Reproduce the records that follow exactly; any picture among them stays out.

==== Material for the task

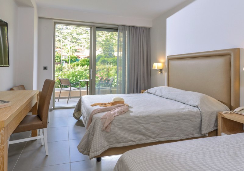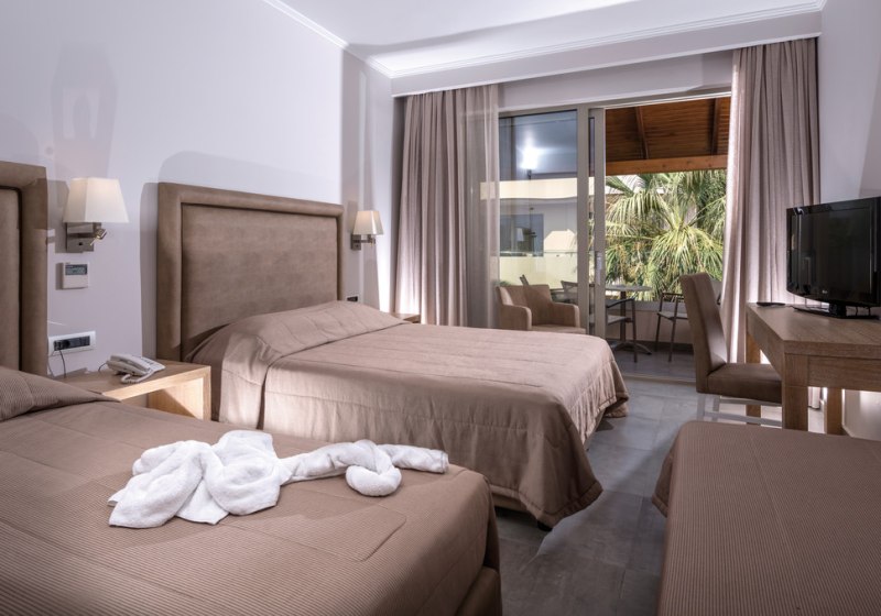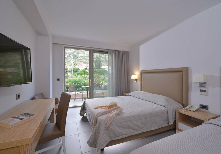 Ihr wohnt in Zimmern mit klarer Ausstattung für Strandtage: Dusche/WC, Föhn und individuell regulierbare Klimaanlage schaffen verlässlichen Komfort. Safe, Sat‑TV, Telefon, Wi‑Fi und Minikühlschrank sind an Bord; Balkon oder Terrasse öffnen den Blick nach draußen, teils in die Gartenbereiche.
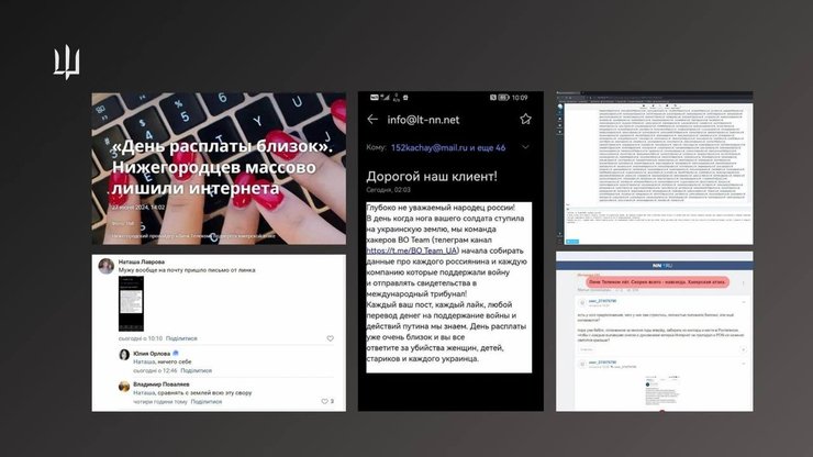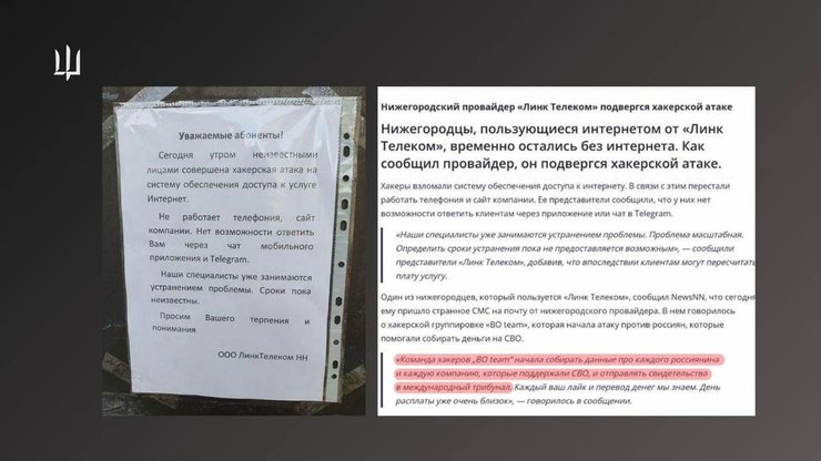 Окрім того, було стерто усі дані на 19 серверах інтернет-провайдерів "Линктелеком НН" та "Аксесс Телеком" у місті Ніжній Новґород. Усім абонентам вказаних провайдерів надійшли листи з нагадуванням про неминучу розплату за війну проти України, повідомили у ГУР.
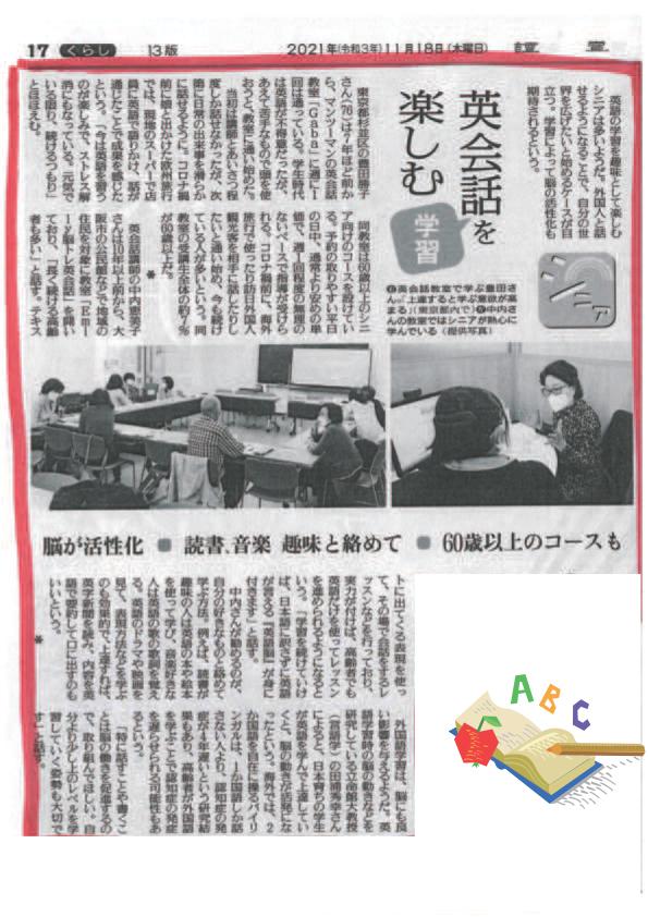 読売新聞 2021年11月18日 朝刊 「英会話学習を楽しむ」
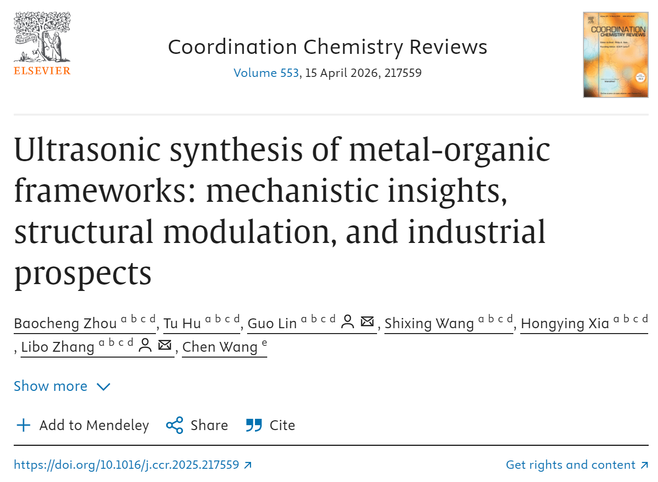 在此背景下,昆明理工大学非常规冶金团队近期在化学领域权威期刊《Coordination Chemistry Reviews》上发表了题为“Ultrasonic synthesis of metal-organic frameworks: mechanistic insights, structural modulation, and industrial prospects”的综述论文。该论文系统总结了超声波合成MOFs的研究进展,从机理阐释、结构调控、性能优势及产业化前景等多个维度,对该领域进行了全面梳理与展望。
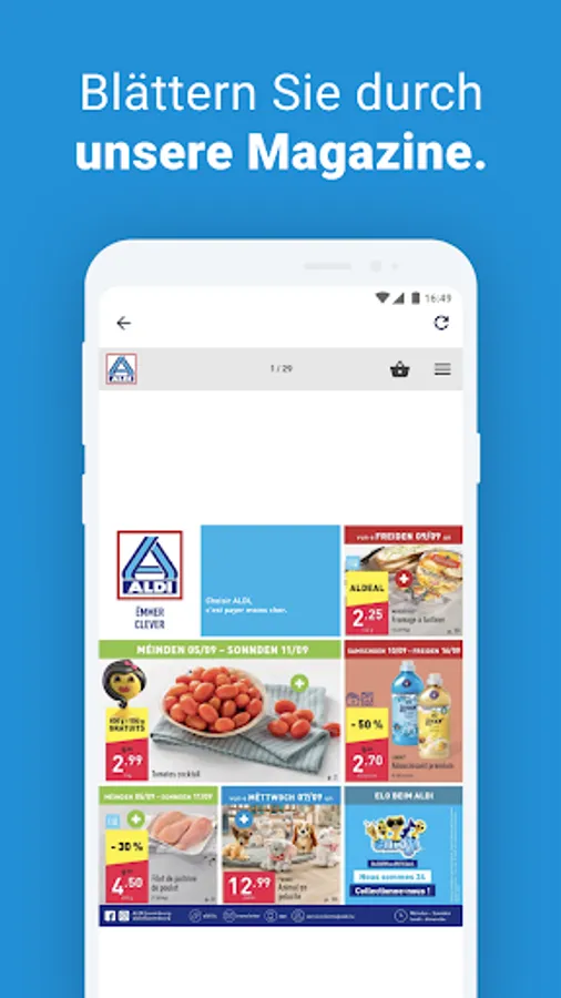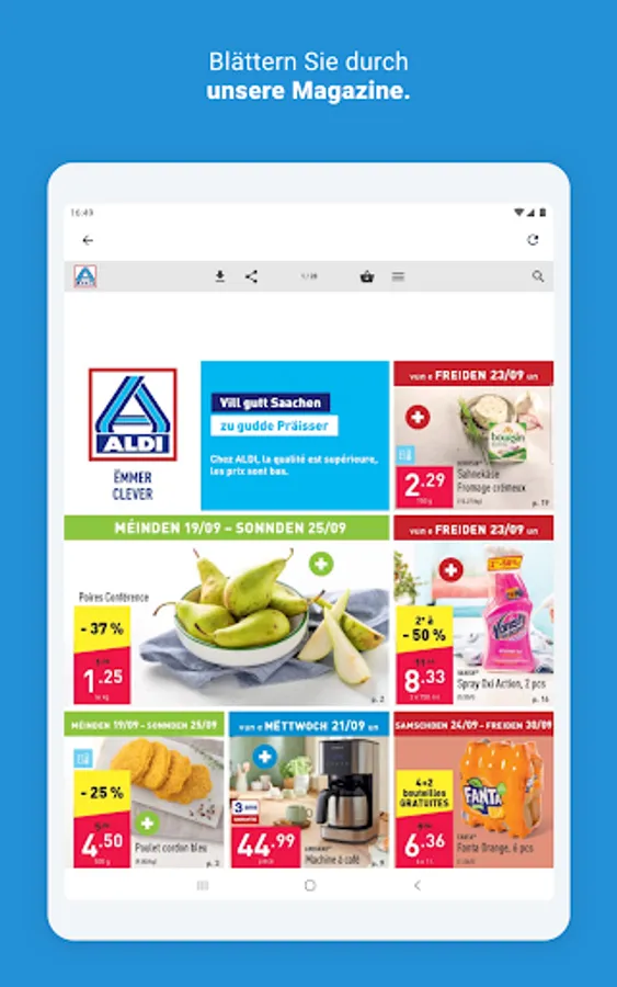 Would you rather look at the offers in the magazine? No problem: In the ALDI app you will find all the current magazines, from the weekly offers to the range of wines. And best of all: Many products are directly linked so that you can easily call up additional images and additional information. And of course you also save a little paper with the digital magazine - and thus protect the environment.

========

_Exercise response:_
 Ihr wohnt in Zimmern mit klarer Ausstattung für Strandtage: Dusche/WC, Föhn und individuell regulierbare Klimaanlage schaffen verlässlichen Komfort. Safe, Sat‑TV, Telefon, Wi‑Fi und Minikühlschrank sind an Bord; Balkon oder Terrasse öffnen den Blick nach draußen, teils in die Gartenbereiche.
 Окрім того, було стерто усі дані на 19 серверах інтернет-провайдерів "Линктелеком НН" та "Аксесс Телеком" у місті Ніжній Новґород. Усім абонентам вказаних провайдерів надійшли листи з нагадуванням про неминучу розплату за війну проти України, повідомили у ГУР.
 読売新聞 2021年11月18日 朝刊 「英会話学習を楽しむ」
 在此背景下,昆明理工大学非常规冶金团队近期在化学领域权威期刊《Coordination Chemistry Reviews》上发表了题为“Ultrasonic synthesis of metal-organic frameworks: mechanistic insights, structural modulation, and industrial prospects”的综述论文。该论文系统总结了超声波合成MOFs的研究进展,从机理阐释、结构调控、性能优势及产业化前景等多个维度,对该领域进行了全面梳理与展望。
 Would you rather look at the offers in the magazine? No problem: In the ALDI app you will find all the current magazines, from the weekly offers to the range of wines. And best of all: Many products are directly linked so that you can easily call up additional images and additional information. And of course you also save a little paper with the digital magazine - and thus protect the environment.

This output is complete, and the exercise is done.